=== AVAILABLE DATA ===

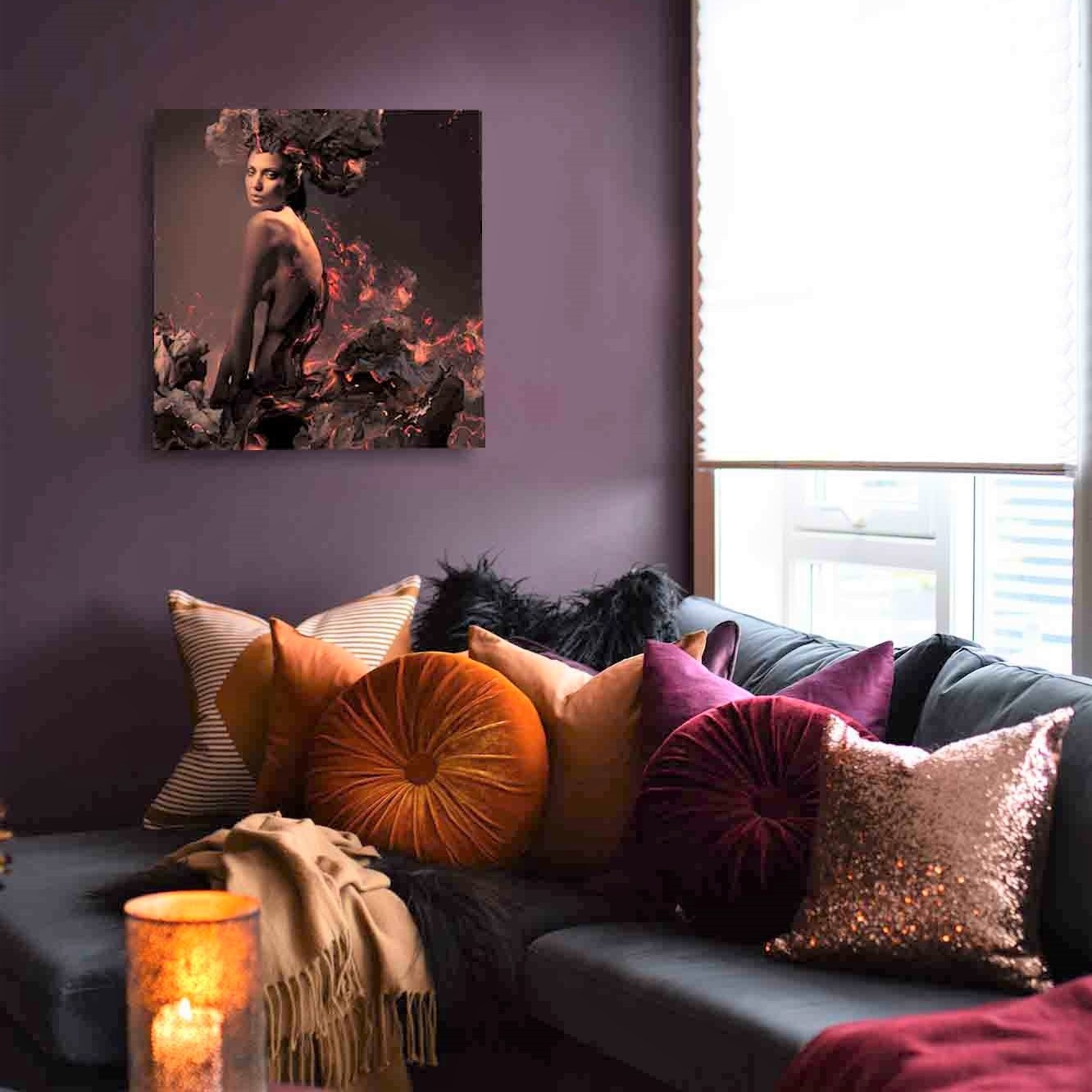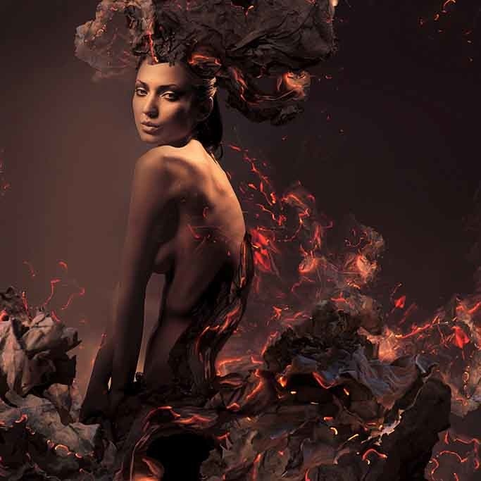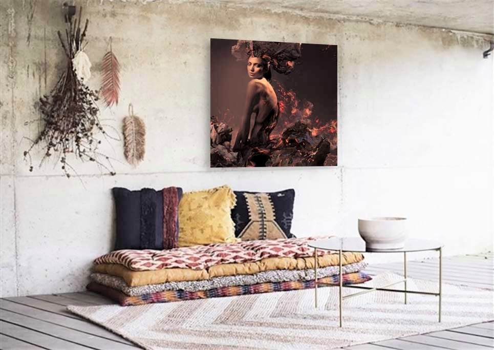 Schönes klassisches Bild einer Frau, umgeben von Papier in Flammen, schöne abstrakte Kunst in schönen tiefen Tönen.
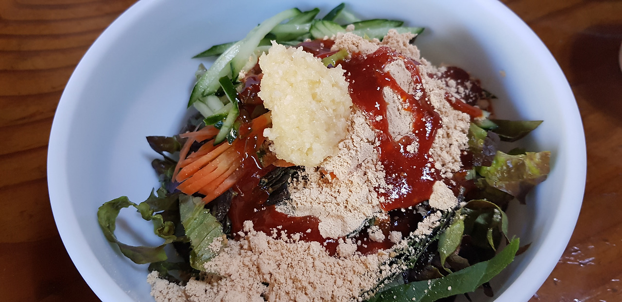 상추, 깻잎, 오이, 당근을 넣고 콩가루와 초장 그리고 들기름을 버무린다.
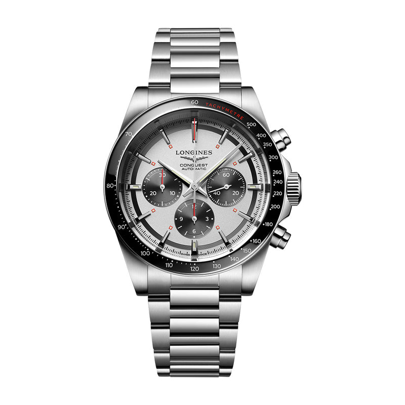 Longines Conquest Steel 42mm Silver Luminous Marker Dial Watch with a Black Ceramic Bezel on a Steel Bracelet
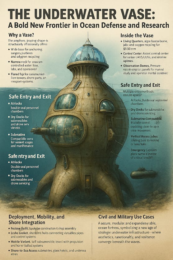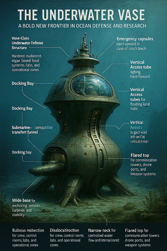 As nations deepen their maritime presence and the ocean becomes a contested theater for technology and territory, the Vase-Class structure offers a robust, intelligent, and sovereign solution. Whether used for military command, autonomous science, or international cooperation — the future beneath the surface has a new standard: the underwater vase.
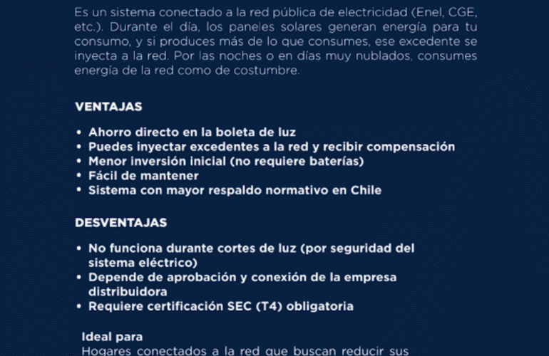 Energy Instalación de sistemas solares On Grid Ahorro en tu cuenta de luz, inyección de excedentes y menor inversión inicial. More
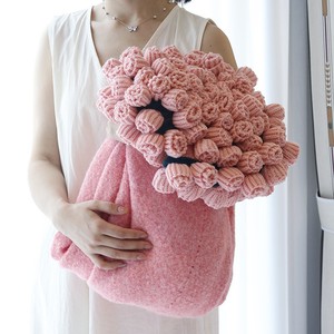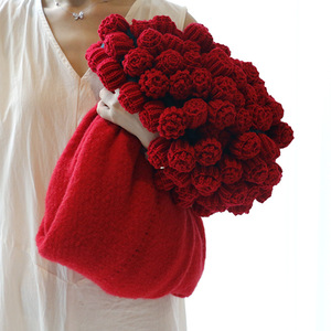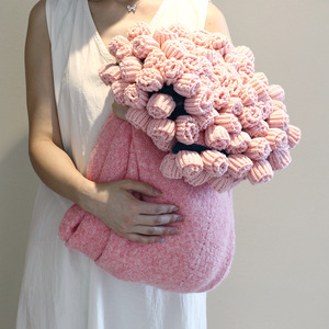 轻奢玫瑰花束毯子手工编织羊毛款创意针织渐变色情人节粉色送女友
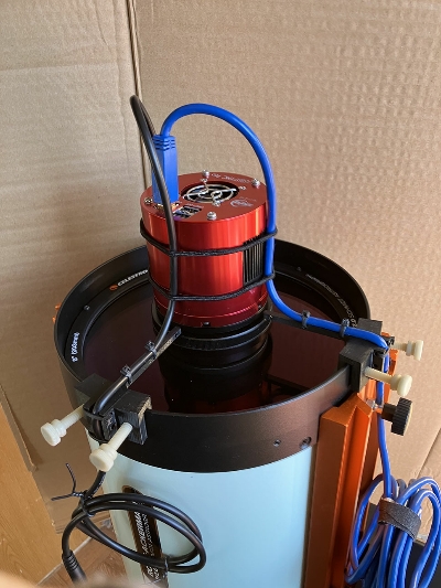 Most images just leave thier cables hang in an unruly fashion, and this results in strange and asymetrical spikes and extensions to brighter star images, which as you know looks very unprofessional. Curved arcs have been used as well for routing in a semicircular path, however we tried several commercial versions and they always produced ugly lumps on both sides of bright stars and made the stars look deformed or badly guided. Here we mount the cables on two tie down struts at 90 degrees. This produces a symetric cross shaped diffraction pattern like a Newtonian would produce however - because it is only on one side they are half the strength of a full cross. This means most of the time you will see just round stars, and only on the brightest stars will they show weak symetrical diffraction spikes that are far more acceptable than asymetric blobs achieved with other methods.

===
=== AVAILABLE DATA ===

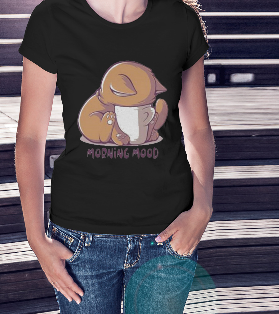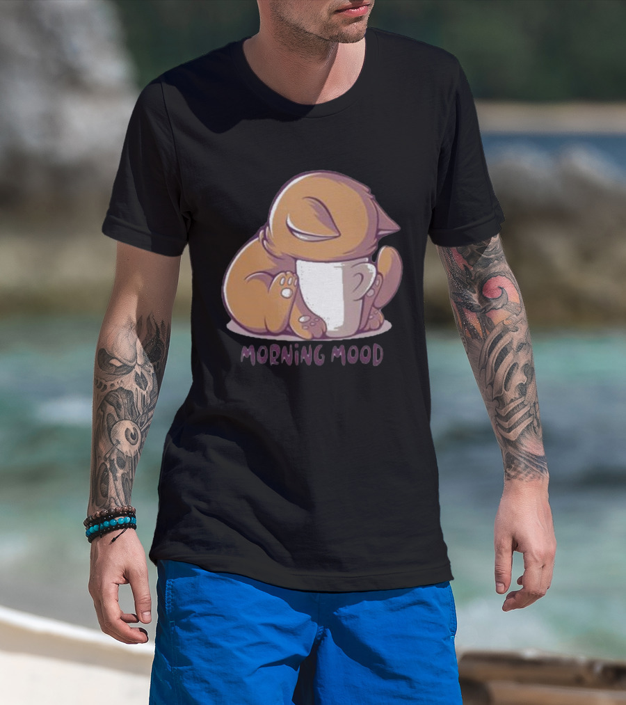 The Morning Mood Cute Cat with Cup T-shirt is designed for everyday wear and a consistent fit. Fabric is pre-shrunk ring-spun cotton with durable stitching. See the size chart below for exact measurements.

===

Only the lines above starting with the line with "Schönes klassisches Bild" and going on through the line with "Longines Conquest Steel" belong in the answer; repeat them exactly, minus any picture.

 Schönes klassisches Bild einer Frau, umgeben von Papier in Flammen, schöne abstrakte Kunst in schönen tiefen Tönen.
 상추, 깻잎, 오이, 당근을 넣고 콩가루와 초장 그리고 들기름을 버무린다.
 Longines Conquest Steel 42mm Silver Luminous Marker Dial Watch with a Black Ceramic Bezel on a Steel Bracelet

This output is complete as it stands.